EXERCISE INPUTS:
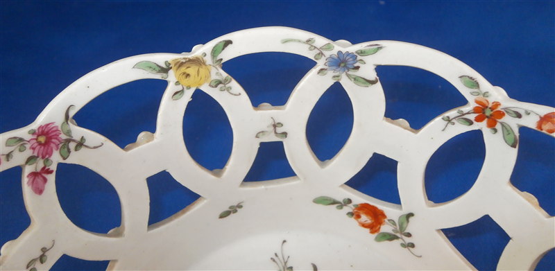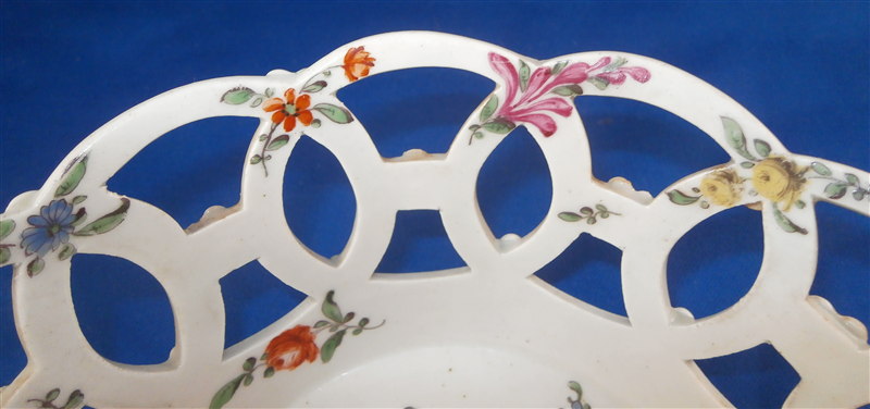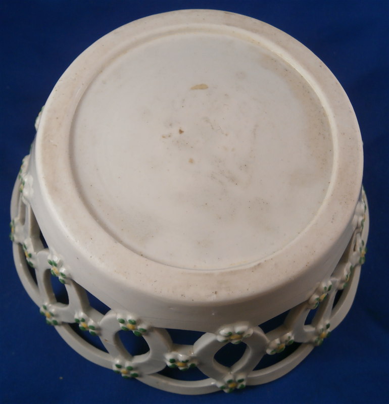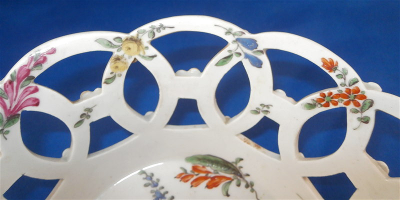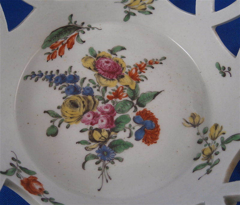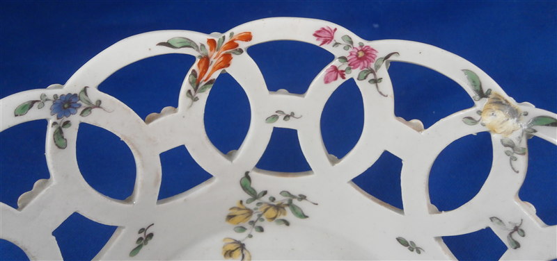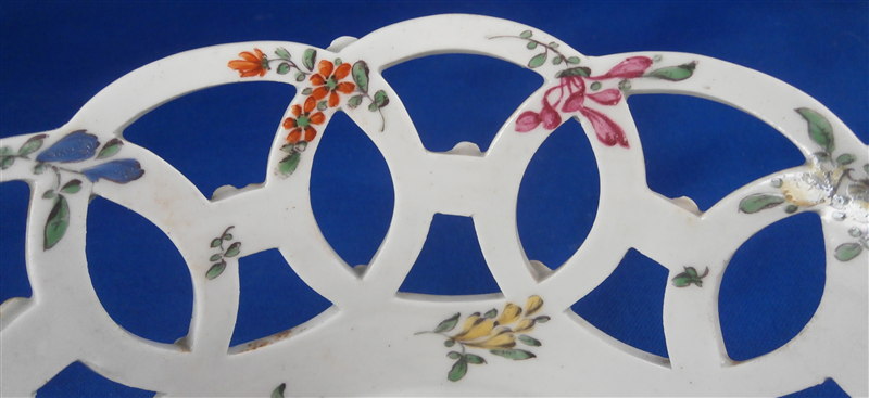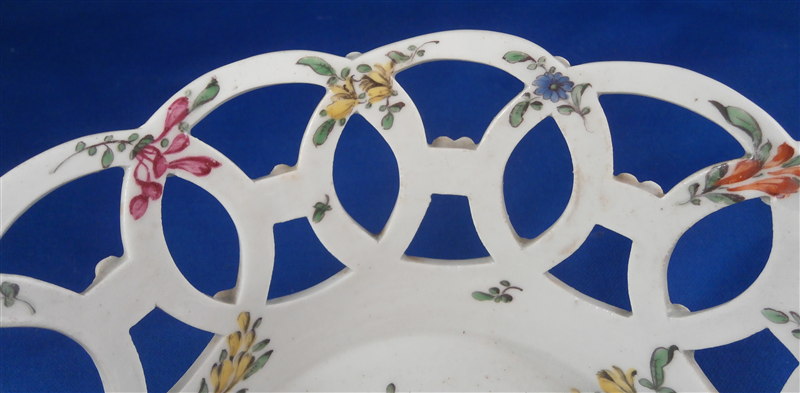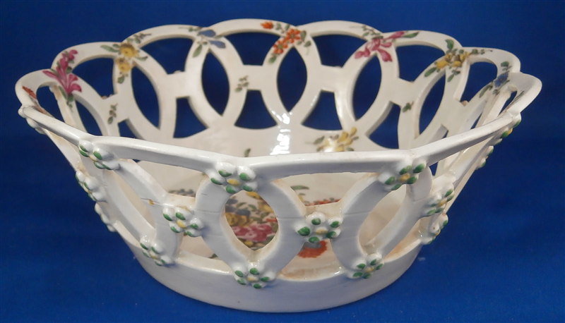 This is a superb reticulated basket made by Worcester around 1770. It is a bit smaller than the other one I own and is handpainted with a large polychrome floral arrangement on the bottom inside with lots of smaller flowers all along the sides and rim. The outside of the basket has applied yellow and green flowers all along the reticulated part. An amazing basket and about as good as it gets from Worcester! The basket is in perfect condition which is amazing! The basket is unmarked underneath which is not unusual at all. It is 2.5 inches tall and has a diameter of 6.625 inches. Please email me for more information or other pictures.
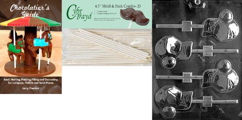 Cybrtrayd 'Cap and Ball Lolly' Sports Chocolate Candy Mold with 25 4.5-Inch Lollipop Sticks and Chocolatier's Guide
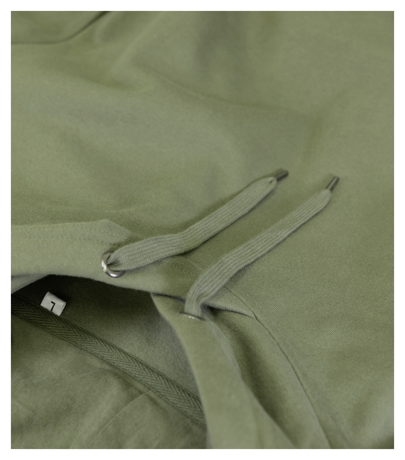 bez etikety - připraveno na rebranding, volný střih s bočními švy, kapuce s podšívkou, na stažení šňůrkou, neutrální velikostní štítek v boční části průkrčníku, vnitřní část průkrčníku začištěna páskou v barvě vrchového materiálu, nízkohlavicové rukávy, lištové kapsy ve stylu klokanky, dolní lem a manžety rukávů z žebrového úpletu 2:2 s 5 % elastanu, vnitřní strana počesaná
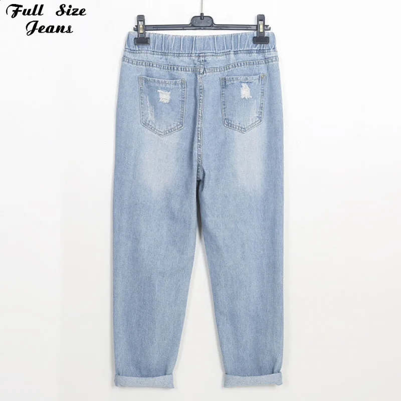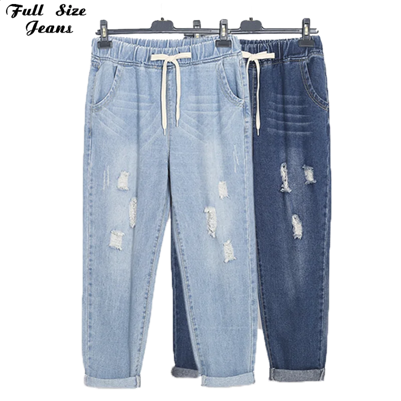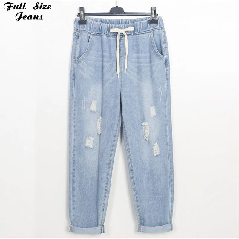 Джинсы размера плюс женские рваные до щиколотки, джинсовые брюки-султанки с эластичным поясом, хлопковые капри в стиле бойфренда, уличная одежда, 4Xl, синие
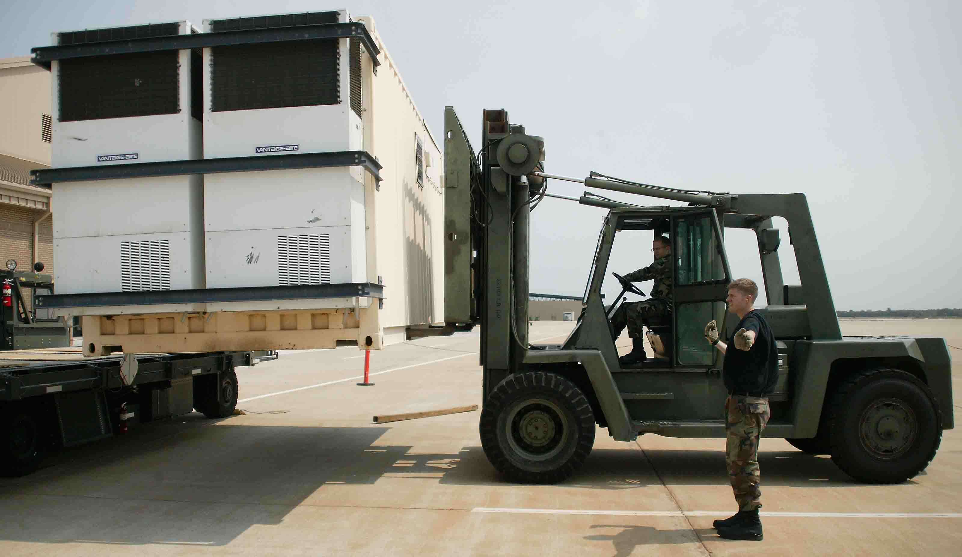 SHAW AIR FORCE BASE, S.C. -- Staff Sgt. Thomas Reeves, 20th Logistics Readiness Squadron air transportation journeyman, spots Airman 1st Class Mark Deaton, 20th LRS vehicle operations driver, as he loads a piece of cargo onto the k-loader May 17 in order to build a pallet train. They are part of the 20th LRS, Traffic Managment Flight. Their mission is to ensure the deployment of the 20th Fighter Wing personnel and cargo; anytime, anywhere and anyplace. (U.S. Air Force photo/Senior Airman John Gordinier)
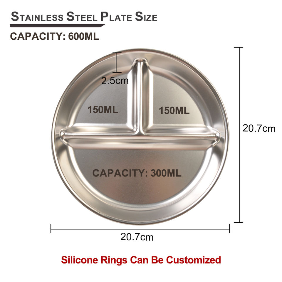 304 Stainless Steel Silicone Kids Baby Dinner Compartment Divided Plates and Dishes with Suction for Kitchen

INSTRUCTIONS FOR THE TASK: Reproduce exactly the line containing "Cybrtrayd 'Cap and" and every line after it in the material above, up to and including the last. Exclude all pictures.

EXERCISE OUTPUT:
 Cybrtrayd 'Cap and Ball Lolly' Sports Chocolate Candy Mold with 25 4.5-Inch Lollipop Sticks and Chocolatier's Guide
 bez etikety - připraveno na rebranding, volný střih s bočními švy, kapuce s podšívkou, na stažení šňůrkou, neutrální velikostní štítek v boční části průkrčníku, vnitřní část průkrčníku začištěna páskou v barvě vrchového materiálu, nízkohlavicové rukávy, lištové kapsy ve stylu klokanky, dolní lem a manžety rukávů z žebrového úpletu 2:2 s 5 % elastanu, vnitřní strana počesaná
 Джинсы размера плюс женские рваные до щиколотки, джинсовые брюки-султанки с эластичным поясом, хлопковые капри в стиле бойфренда, уличная одежда, 4Xl, синие
 SHAW AIR FORCE BASE, S.C. -- Staff Sgt. Thomas Reeves, 20th Logistics Readiness Squadron air transportation journeyman, spots Airman 1st Class Mark Deaton, 20th LRS vehicle operations driver, as he loads a piece of cargo onto the k-loader May 17 in order to build a pallet train. They are part of the 20th LRS, Traffic Managment Flight. Their mission is to ensure the deployment of the 20th Fighter Wing personnel and cargo; anytime, anywhere and anyplace. (U.S. Air Force photo/Senior Airman John Gordinier)
 304 Stainless Steel Silicone Kids Baby Dinner Compartment Divided Plates and Dishes with Suction for Kitchen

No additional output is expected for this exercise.